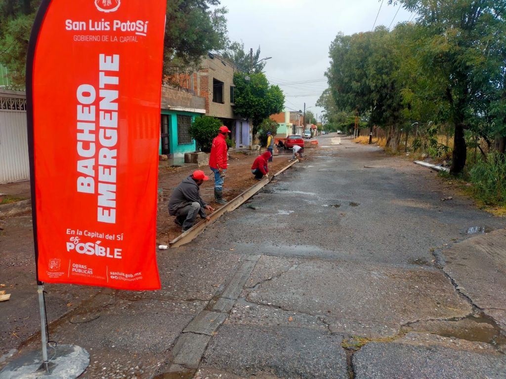 También con material de concreto se atendieron las calles de Valle Dorado y Valle del Sur, en la colonia Rural Atlas; Rey Arturo, esquina Nefertiti, en la colonia Los Reyes; Avenida Mezquital, en el tramo de Galaxia a Ponciano Arriaga, colonia Mezquital; Fuente del Amor en Balcones Del Valle; Lateral Salvador Nava, de 5 de Mayo a Xicoténcatl, en el Barrio de San Juan De Guadalupe; y Prolongación Ponciano Arriaga, esquina San Pedro, colonia Juan Pablo.
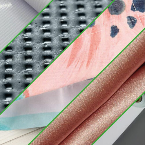 - Polyester: Polyester ist ein leichtes und gleichzeitig widerstandsfähiges Material, das sich hervorragend für den Druck von lebendigen Farben eignet. Es ist wasserabweisend und UV-beständig, was es zu einer guten Wahl für den Außeneinsatz macht.
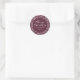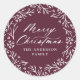 Seal Christmas presents, favor bags, and holiday envelopes with festive Merry Christmas stickers. The holiday stickers feature "Merry Christmas" displayed in a white calligraphy script encircled by a wreath of snowflakes and pine branches on a berry purple background. Personalize the stickers by adding your family name or custom text.
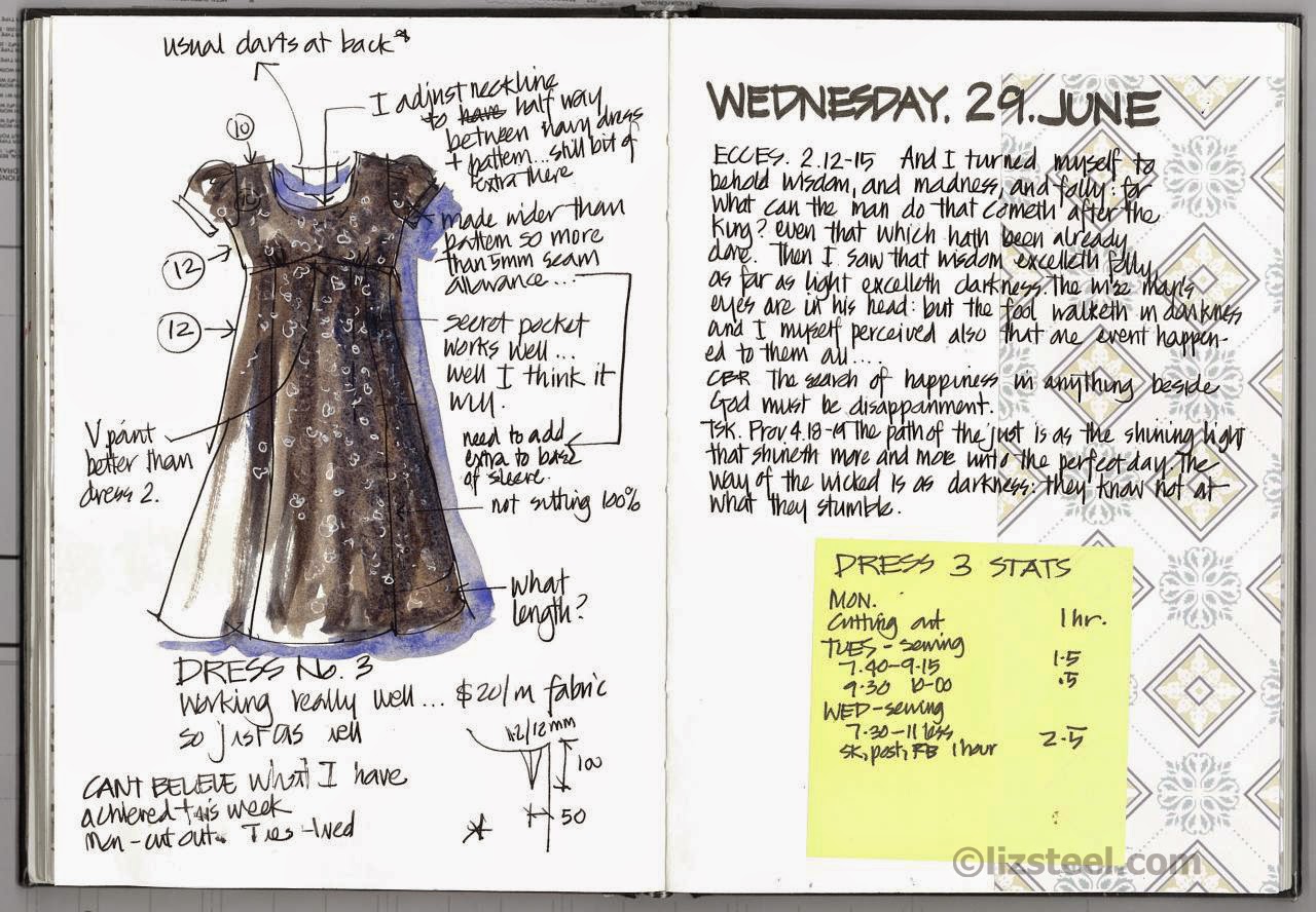 Nearly every overseas trip for the past 7 years, I have made a new dress for the occasion. (I sew cool comfortable cotton dresses with secret pockets). For those of you that did Sketchbook Skool ….
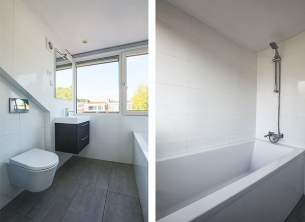 Al primo piano troverai la camera da letto matrimoniale e una spaziosa seconda camera. Qui troverai anche una terza camera che può essere utilizzata come lavanderia e/o piccola camera da letto. Il bagno elegante è dotato di una doccia a filo pavimento e un lavabo doppio, il secondo bagno si trova separatamente.
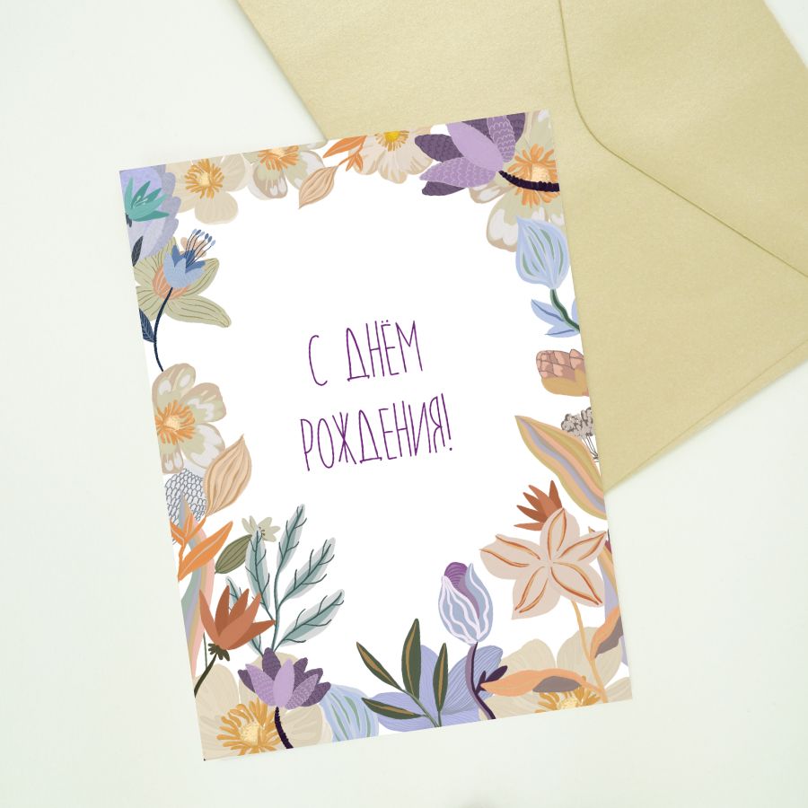 Авторская открытка с надписью «С Днём рождения». Цветы на открытке создают праздничное настроение. На обратной стороне есть свободное место для подписи - идеальное дополнение к подарку.

----

Problem details → Extract, word for word, each line from the one that contains "- Polyester: Polyester" through the final line of the data above. Leave the pictures out.

Answer for this exercise →
 - Polyester: Polyester ist ein leichtes und gleichzeitig widerstandsfähiges Material, das sich hervorragend für den Druck von lebendigen Farben eignet. Es ist wasserabweisend und UV-beständig, was es zu einer guten Wahl für den Außeneinsatz macht.
 Seal Christmas presents, favor bags, and holiday envelopes with festive Merry Christmas stickers. The holiday stickers feature "Merry Christmas" displayed in a white calligraphy script encircled by a wreath of snowflakes and pine branches on a berry purple background. Personalize the stickers by adding your family name or custom text.
 Nearly every overseas trip for the past 7 years, I have made a new dress for the occasion. (I sew cool comfortable cotton dresses with secret pockets). For those of you that did Sketchbook Skool ….
 Al primo piano troverai la camera da letto matrimoniale e una spaziosa seconda camera. Qui troverai anche una terza camera che può essere utilizzata come lavanderia e/o piccola camera da letto. Il bagno elegante è dotato di una doccia a filo pavimento e un lavabo doppio, il secondo bagno si trova separatamente.
 Авторская открытка с надписью «С Днём рождения». Цветы на открытке создают праздничное настроение. На обратной стороне есть свободное место для подписи - идеальное дополнение к подарку.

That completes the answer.